Befitting the preposterously loony & delightful characters he’s unleashed upon us, Pankaj Advani walked into the cinema-hall Friday night, veiled in a, yes, Burqa. Not surprisingly, the self-aggrandizing ploy didn’t work, at all; as the only straight-faced soul in a hall-full of hysterical communal film savouring, the maker of the film, playing the voyeur that his true calling indirectly is, was a dead give-away.


It is to Pankaj’s credit that we have a true-blue genre Picchur (in this case, Revisionist Noir, I proffer), completely with re-imagined characters and a setting evoked with unusual realism.

For me, personally, Sankat City has been a difficult viewing experience, in its playing-out, and, the consequence, and on both the occasions.
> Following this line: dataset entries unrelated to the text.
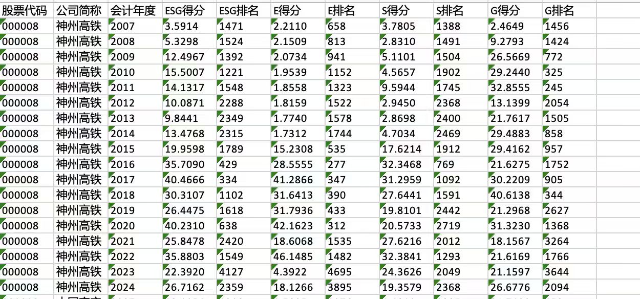 2.测算方式:参考《经济研究》严兵(2024)老师的做法,将 ESG 评价指标细分为环境(E)、社会(S)和公司治理(G)三个独立维度进行测算,具体指标为 股票代码 公司简称 会计年度 ESG得分 ESG排名 E得分 E排名 S得分 S排名 G得分 G排名
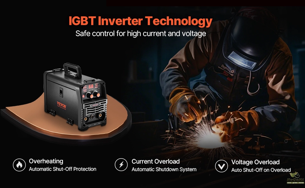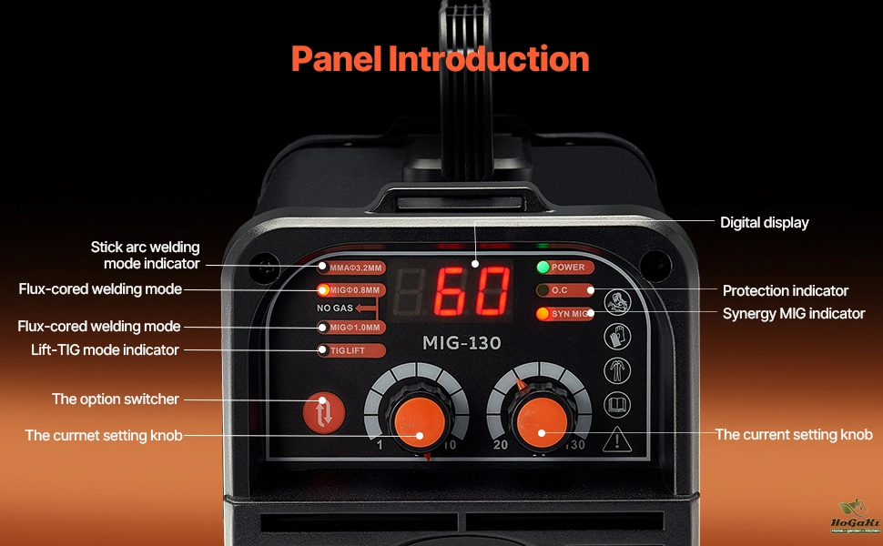 Digital Display: The mig welding machine features a large digital display screen with a clear and intuitive interface. It is equipped with overheat protection as well as current overload protection, ensuring safe operation and long lifespan. Complete with the necessary accessories, it is your reliable partner for various welding tasks!
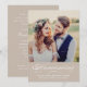 Share your marriage news with quiet elegance and invite loved ones to your wedding reception with this taupe calligraphy photo invitation. A soft taupe banner features "Announcing" in flowing white script with names, date, and ceremony location. The back provides full reception details with venue, time, and RSVP information. Add your own photo and personalize every detail to share your happy news.
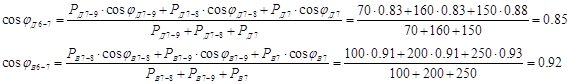 Пользуясь расчетной схемой, определяем средневзвешенный коэффициент мощности: Участок сети 7-8:
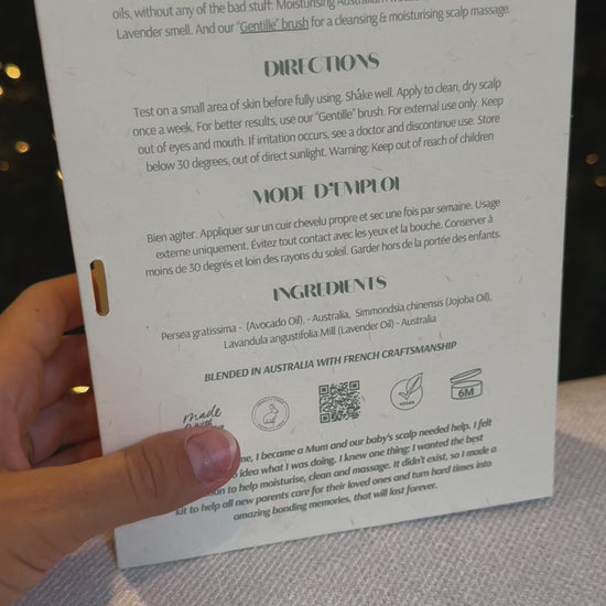 - Massage our Blended oil to your babe's scalp together with our gentle brush, avoiding eyes and mouth.
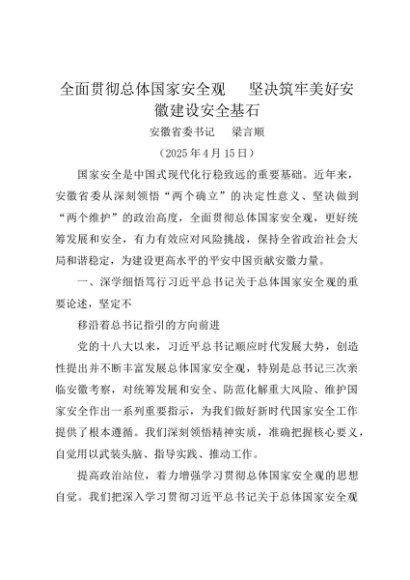 署名文章:20250415全面贯彻总体国家安全观 坚决筑牢美好安徽建设安全基石——安徽省委书记 梁言顺
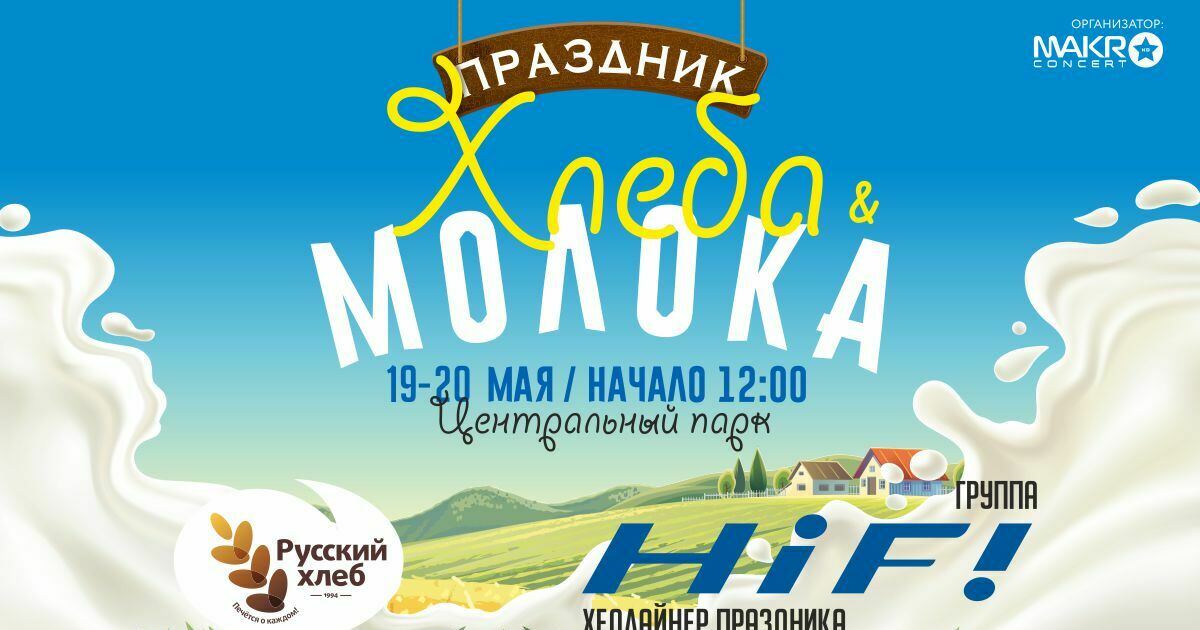 "Макроконцерт-Калининград" приглашает всех на самый тёплый, душистый и самый семейный праздник, IX День хлеба и молока в Центральный парк — на все выходные 19 и 20 мая 2018 года!
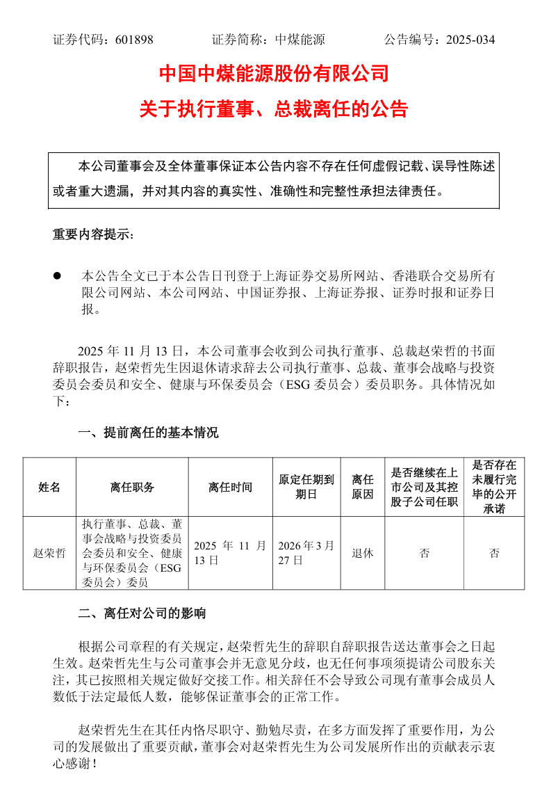 11月14日,中煤能源發(fā)布公告稱,11月13日,公司董事會收到公司執(zhí)行董事、總裁趙榮哲的書面辭職報告,趙榮哲先生因退休請求辭去公司執(zhí)行董事、總裁、董事會戰(zhàn)略與投資委員會委員和安全、健康與環(huán)保委員會(ESG委員會)委員職務(wù)。

A lil’ explaining – first time around on Sankat night July 8th, I was busy trippin’ on a space, in my mind, the film occupies & operates from. I got over-enthusiastic to the point of taking great pleasure in spotting genre conventions that Pankaj relentlessly kept heaping on me, to the extent that I was scared for him if he can really keep-up with all the brandishing. Inadvertently, am sure I annoyed my neighbours in the cinema aplenty, a drunk fuck behaving like he’s already watched the film (which I hadn’t) & playing spoiler (rĂ©petition: inadvertent).
My 2nd viewing was kinda spoilt by the presence of the director couple of seats away from me – damn, why don’t people get it, that I want to deal with the screen by myself, like EXCLUSIVELY, not having to bother with the judgments that comes with boisterous appreciation of a work of art.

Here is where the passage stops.